Please restate exactly the lines from the one holding "여신금융협회에서 카드 포인트 통합조회하고 현금으로 계좌입금받기" to the end of the material, including both ends and excluding every picture.

(COLLECTED MATERIAL Opens)

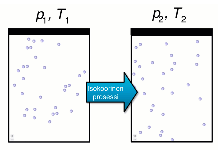 - Kun kaasua puristetaan hitaasti kasaan, kaasun lämpötila pysyy vakiona (isoterminen prosessi: pV = vakio)
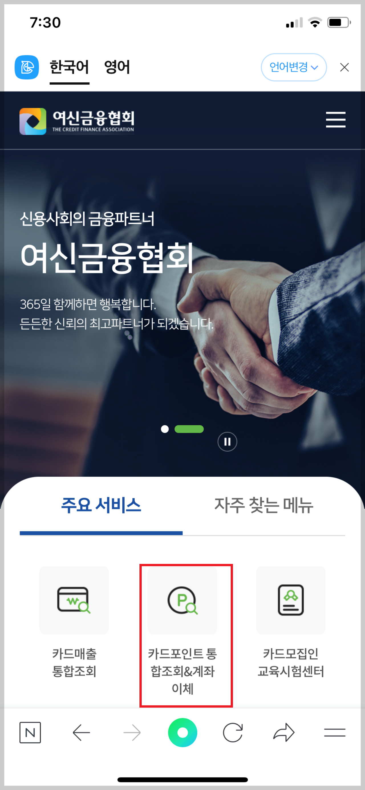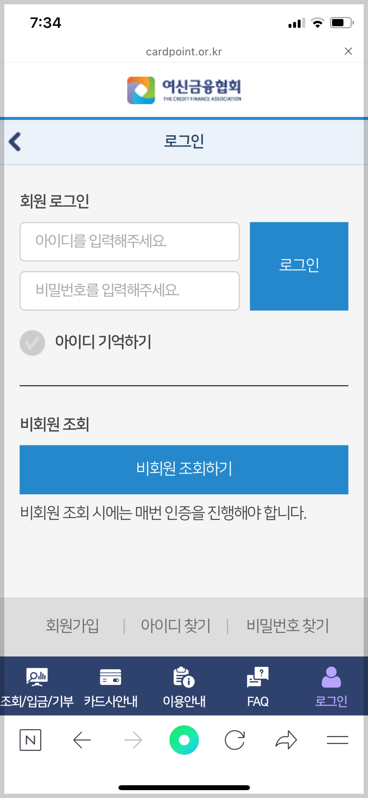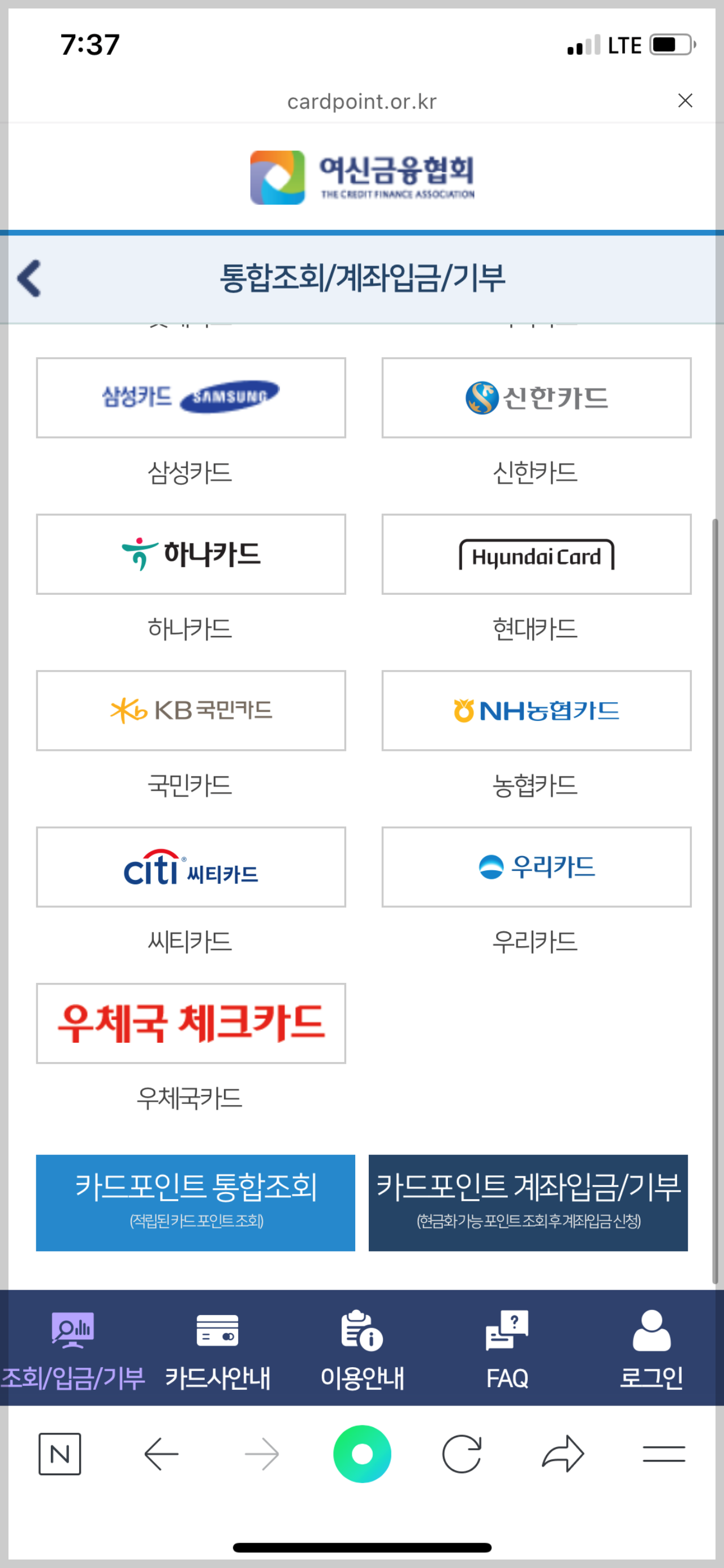 여신금융협회에서 카드 포인트 통합조회하고 현금으로 계좌입금받기
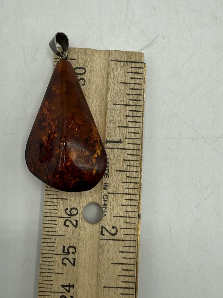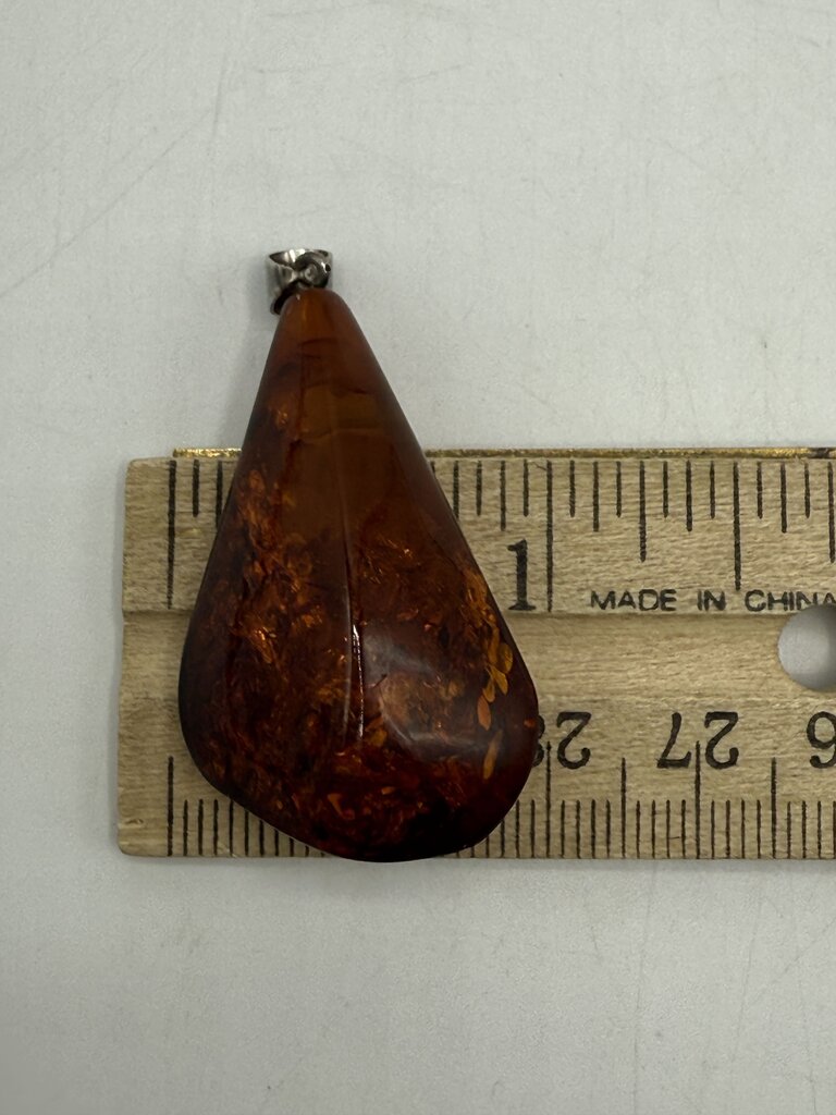 Amber Gemstone Pendant Silver Bail 1.5” x 1” /ro

(COLLECTED MATERIAL Closes)

→ **RESPONSE TO THIS EXERCISE**:
 여신금융협회에서 카드 포인트 통합조회하고 현금으로 계좌입금받기
 Amber Gemstone Pendant Silver Bail 1.5” x 1” /ro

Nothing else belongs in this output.